The HoS merely gave him a withering look, then got up to get more coffee.

While Maxwell’s back was turned, Jack leaned closer to his friends. “Did Maria say what Tan was trying to find out from Blade?”

Lydia shook her head. “She said she only saw some footage, no sound, but that Tan looked pretty pissed when he left the cell, too.”

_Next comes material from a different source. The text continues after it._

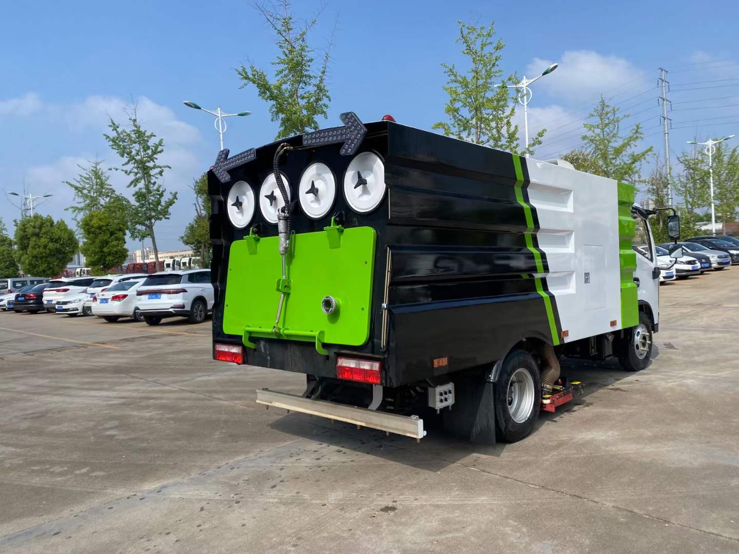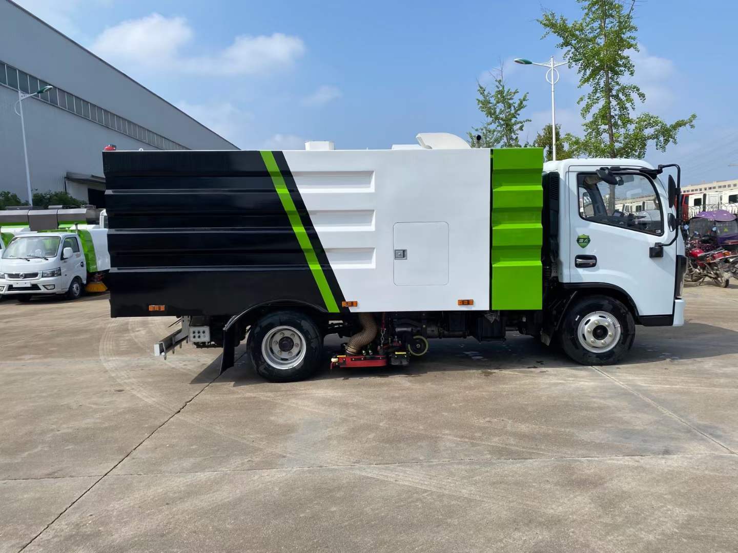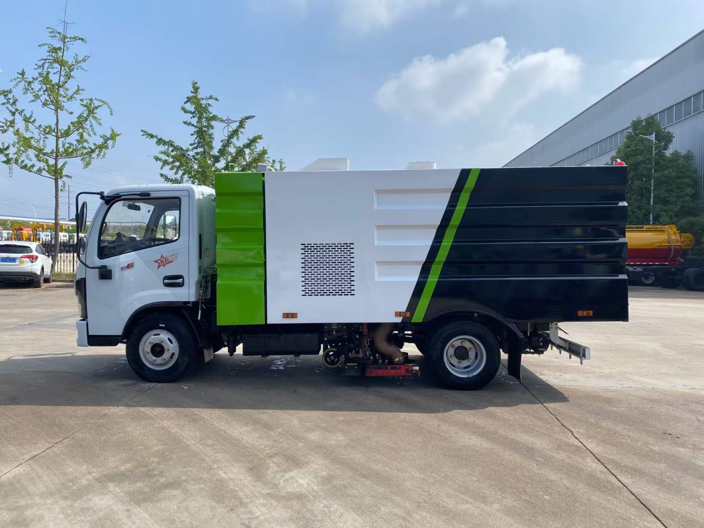 隨底盤選裝駕駛室;選裝后部結(jié)構(gòu)樣式.僅采用3308mm軸距;側(cè)防護(hù)由專用裝置吸盤代替;后防護(hù)材料Q235,焊接連接,后部防護(hù)斷面尺寸(mm):120×50,離地高度(mm):400;ABS型號(hào)/廠家:ABS/ASR-12V-4S/4M/襄陽(yáng)東風(fēng)隆誠(chéng)機(jī)械有限責(zé)任公司;該車主要由箱體和吸塵裝置組成,用于路面垃圾清掃.

Jack suppressed a smile. Ethan could irritate a saint with nothing but politeness, and Tan was far from a saint. Of all the directors within the Office, Tan was the one with the biggest reputation for ruthlessness. He was the very embodiment of “the ends justify the means.” While Jack had little experience of Tan personally, he had run afoul of the man’s methods a couple of times. Namely ETA field operatives with job parameters so wide they were barely any better than the bad guys they were hunting, and anything short of open warfare on the streets in front of a dozen news cameras was retroactively approved. Basically, when Tan wanted something, he got it, with very little regard for the cost.

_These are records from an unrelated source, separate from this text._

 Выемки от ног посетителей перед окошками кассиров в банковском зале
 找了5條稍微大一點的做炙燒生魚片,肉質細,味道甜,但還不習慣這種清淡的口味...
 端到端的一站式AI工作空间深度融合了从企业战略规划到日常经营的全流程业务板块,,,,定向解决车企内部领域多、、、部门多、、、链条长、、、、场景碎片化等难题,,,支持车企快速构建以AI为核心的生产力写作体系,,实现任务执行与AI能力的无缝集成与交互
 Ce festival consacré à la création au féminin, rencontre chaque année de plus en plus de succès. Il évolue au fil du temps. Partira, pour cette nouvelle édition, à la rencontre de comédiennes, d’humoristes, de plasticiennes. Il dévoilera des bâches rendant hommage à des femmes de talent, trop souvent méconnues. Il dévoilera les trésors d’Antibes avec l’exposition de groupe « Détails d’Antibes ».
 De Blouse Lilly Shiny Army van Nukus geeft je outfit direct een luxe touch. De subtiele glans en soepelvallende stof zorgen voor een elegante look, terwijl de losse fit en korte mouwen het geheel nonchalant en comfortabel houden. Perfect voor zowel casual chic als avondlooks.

He probably would have gotten Jack when he offered him a job with ETA, as well, but for one very strong reason why Jack would never have accepted it.

“I bet,” Lewis said, his voice lowered so much Jack had to lean even closer, “Tan’s after something connected to the Valadian op. McIntosh got you inserted so quick no one else knew about it, and when Tan found out, it was like WW3 here. He claimed McIntosh’s rash actions would endanger some of his own operations.”

Lewis had a talent for intuitive leaps that proved correct, but this wasn’t even a stretch for Jack to credit. Valadian’d had a lot of contact with criminal organisations outside of the Meta-State, and some of those organisations would be on Tan’s watch list. Jurisdiction on such cases could get messy and usually required some level of collaboration between ITA and ETA. If Tan hadn’t known about Valadian before Jack was sent in, that meant McIntosh had bypassed even more SOPs than Jack had initially suspected.

On top of that, if Tan had been so pissed off he’d abandoned his usually reserved attitude and confronted McIntosh openly, then whatever connection he had to Valadian had to be something very important.

While trying to work out what McIntosh’s angle was, Jack now had to consider that Tan was involved in it all beyond sitting in on a review meeting.